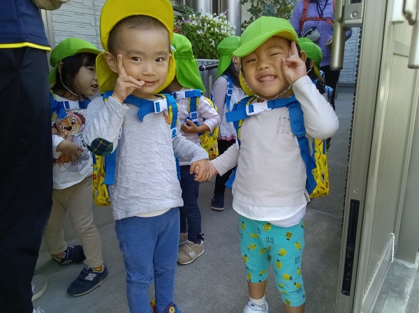今日からうさぎ組に入ったお友だちと散歩に行きました。
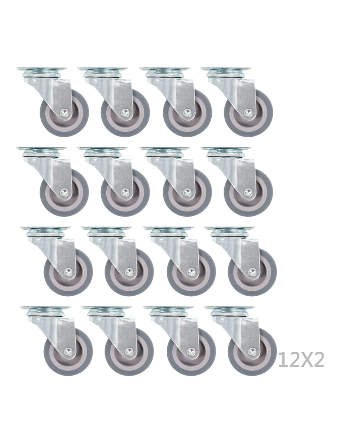 Questo set, composto da 96 rotelle girevoli, costituisce l'accessorio perfetto per attrezzature e mobili di piccole dimensioni come banchi da lavoro, carrelli, tavolini da caffè, piantane, scaffali, carrelli della spesa, etc. Le ruote sono realizzate in TPR (gomma termoplastica), un materiale caratterizzato da un'ottima resistenza agli urti e alle vibrazioni e che consente alle ruote di girare in modo fluido e silenzioso. La loro superficie morbida, inoltre, protegge efficacemente il pavimento dai graffi. La struttura in ferro zincato è altamente resistente alla ruggine e fornisce una maggiore robustezza e durata alle ruote. Ogni ruota possiede una capacità di carico massima di 35 kg. La consegna include 96 ruote girevoli.
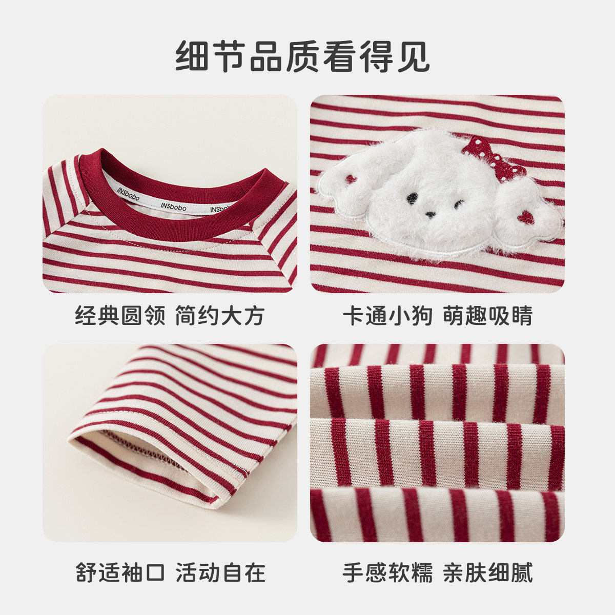 INSbobo女童长袖t恤2026春季新款儿童上衣小女孩红色条纹t恤春秋
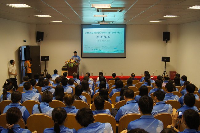 2012海峡两岸闽南文化研习营活动由漳州师范学院主办,闽南文化研究院承办,于7月26日开营,历时12天。营员来自台湾成功大学、中央大学、台南大学、金门大学、明道大学、屏东教育大学等台湾6所高校师生,以及漳州师院师生代表等共130多人。活动期间,营员们在漳州、泉州、厦门三地,通过听取专题讲座、交流座谈、参访考察等活动,感受闽南文化的魅力,领略闽南的风土人情和民俗文化。
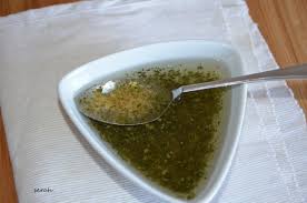 Dans un bol, fouetter vinaigre + huile + sel + poivre + persil + basilic + câpres.

* [What you need to do] Once the line holding "2012海峡两岸闽南文化研习" is found, set it down along with every line after it through the end of the entries, exactly, leaving the pictures out.

* [Answer to this task]
 2012海峡两岸闽南文化研习营活动由漳州师范学院主办,闽南文化研究院承办,于7月26日开营,历时12天。营员来自台湾成功大学、中央大学、台南大学、金门大学、明道大学、屏东教育大学等台湾6所高校师生,以及漳州师院师生代表等共130多人。活动期间,营员们在漳州、泉州、厦门三地,通过听取专题讲座、交流座谈、参访考察等活动,感受闽南文化的魅力,领略闽南的风土人情和民俗文化。
 Dans un bol, fouetter vinaigre + huile + sel + poivre + persil + basilic + câpres.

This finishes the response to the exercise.